▸ **EXTRACTED ENTRIES**
● ● ● ● ●
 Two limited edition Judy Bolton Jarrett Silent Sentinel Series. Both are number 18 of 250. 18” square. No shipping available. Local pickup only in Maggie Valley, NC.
● ● ● ● ●
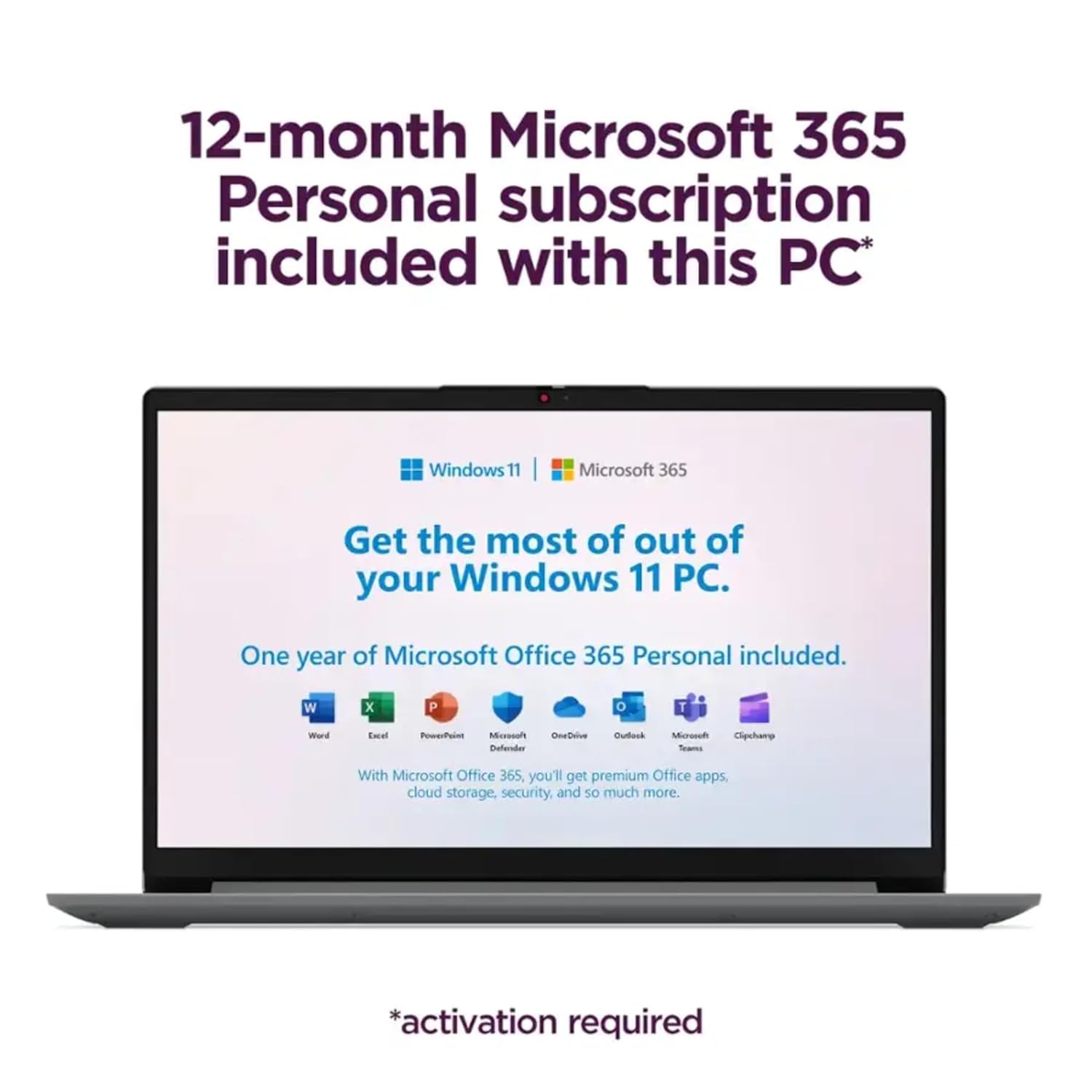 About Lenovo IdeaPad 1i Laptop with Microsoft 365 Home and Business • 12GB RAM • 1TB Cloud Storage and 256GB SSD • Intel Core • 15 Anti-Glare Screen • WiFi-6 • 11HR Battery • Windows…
● ● ● ● ●
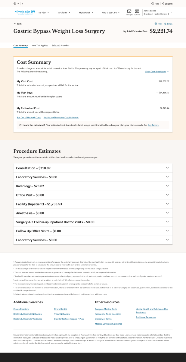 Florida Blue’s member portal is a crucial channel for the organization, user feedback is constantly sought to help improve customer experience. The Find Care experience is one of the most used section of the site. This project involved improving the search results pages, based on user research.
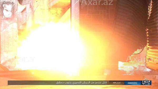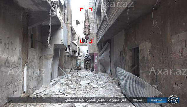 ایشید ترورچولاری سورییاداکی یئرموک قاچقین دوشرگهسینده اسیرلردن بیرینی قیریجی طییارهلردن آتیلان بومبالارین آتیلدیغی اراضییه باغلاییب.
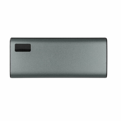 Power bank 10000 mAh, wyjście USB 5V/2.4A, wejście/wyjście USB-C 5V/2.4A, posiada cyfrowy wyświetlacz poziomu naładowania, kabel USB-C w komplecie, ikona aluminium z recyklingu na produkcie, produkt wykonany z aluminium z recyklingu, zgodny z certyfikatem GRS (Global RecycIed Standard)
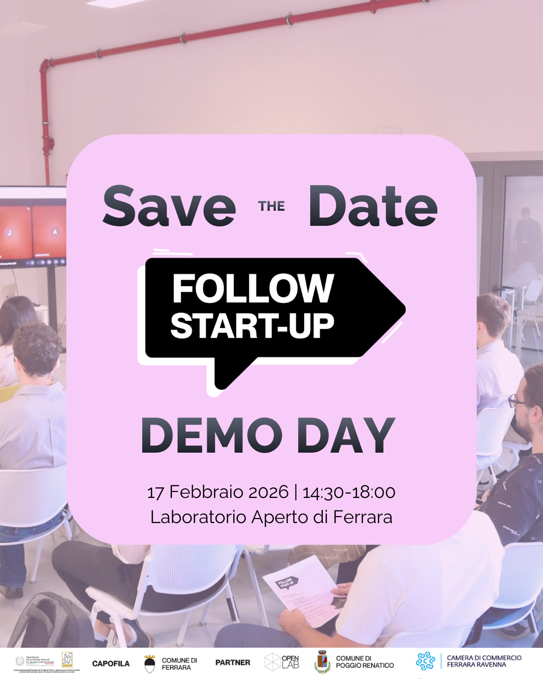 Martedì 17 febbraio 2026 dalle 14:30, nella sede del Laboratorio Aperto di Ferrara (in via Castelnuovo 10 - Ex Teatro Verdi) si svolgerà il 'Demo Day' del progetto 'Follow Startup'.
● ● ● ● ●
▸ **WORK TO COMPLETE**
In the listing above, find the line with "Power bank 10000" and the line with "Martedì 17 febbraio". Output both, plus every line between them, and no pictures.

▸ **ANSWER AREA**
 Power bank 10000 mAh, wyjście USB 5V/2.4A, wejście/wyjście USB-C 5V/2.4A, posiada cyfrowy wyświetlacz poziomu naładowania, kabel USB-C w komplecie, ikona aluminium z recyklingu na produkcie, produkt wykonany z aluminium z recyklingu, zgodny z certyfikatem GRS (Global RecycIed Standard)
 Martedì 17 febbraio 2026 dalle 14:30, nella sede del Laboratorio Aperto di Ferrara (in via Castelnuovo 10 - Ex Teatro Verdi) si svolgerà il 'Demo Day' del progetto 'Follow Startup'.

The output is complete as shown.